Dirichlet Simplex Nest and Geometric Inference

We propose Dirichlet Simplex Nest, a class of probabilistic models suitable for a variety of data types, and develop fast and provably accurate inference algorithms by accounting for the model's convex geometry and low dimensional simplicial structure. By exploiting the connection to Voronoi tessellation and properties of Dirichlet distribution, the proposed inference algorithm is shown to achieve consistency and strong error bound guarantees on a range of model settings and data distributions. The effectiveness of our model and the learning algorithm is demonstrated by simulations and by analyses of text and financial data.

Streaming dynamic and distributed inference of latent geometric structures

We develop new models and algorithms for learning the temporal dynamics of the topic polytopes and related geometric objects that arise in topic model based inference. Our model is nonparametric Bayesian and the corresponding inference algorithm is able to discover new topics as the time progresses. By exploiting the connection between the modeling of topic polytope evolution, Beta-Bernoulli process and the Hungarian matching algorithm, our method is shown to be several orders of magnitude faster than existing topic modeling approaches, as demonstrated by experiments working with several million documents in a dozen minutes.

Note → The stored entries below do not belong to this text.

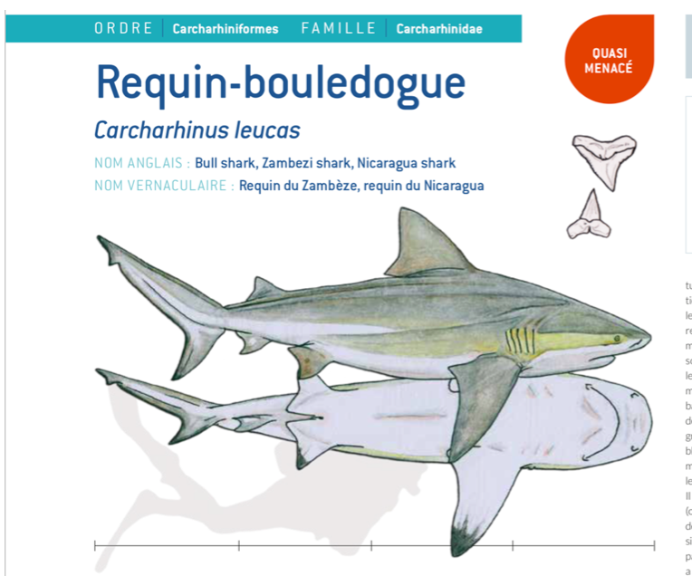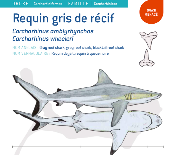 – un requin gris de récif ou un jeune requin bouledogue (puisque les avis qui nous parviennent divergent …) mais au moins ce qui est sûr, ce n’est pas un requin à pointes noires puisque l’on n’observe pas de pointe noire sur sa nageoire dorsale centrale.
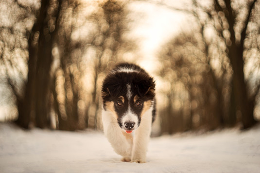 - the wonderful low angle with which this image is captured allows us to get a glimpse of that true collie intensity, even in a puppy. beautiful depth of field to highlight the subject, framed wonderfully with the almost sweeping trees, and lovely post work. nicely done. ~ illona
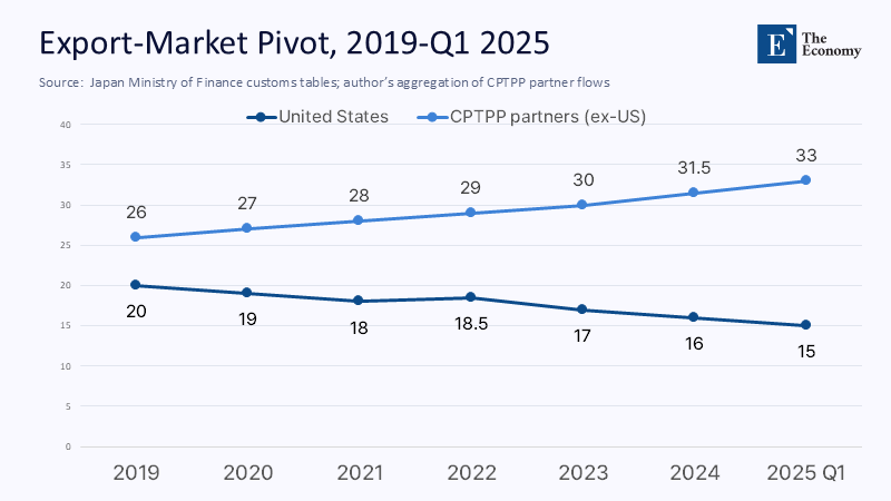 Washington's fiscal spasm has morphed into an externality subsidy for Japan. By weaponizing tariffs, the US validated the demand for an alternative rule set and multiplied Tokyo's diplomatic returns on the CPTPP salvage operation. Australia's 2025 chairmanship, with its ESG-heavy vocabulary, gives Japan further leverage to braid climate and labor clauses into the pact, future-proofing its exports against EU carbon-border adjustments and burnishing credentials with potential European entrants.

Conic Scan-and-Cover algorithms for nonparametric topic modeling

We propose new algorithms for topic modeling when the number of topics is unknown. Our approach relies on an analysis of the concentration of mass and angular geometry of the topic simplex, a convex polytope constructed by taking the convex hull of vertices representing the latent topics. Our algorithms are shown in practice to have accuracy comparable to a Gibbs sampler in terms of topic estimation, which requires the number of topics be given. Moreover, they are one of the fastest among several state of the art parametric techniques. Statistical consistency of our estimator is established under some conditions.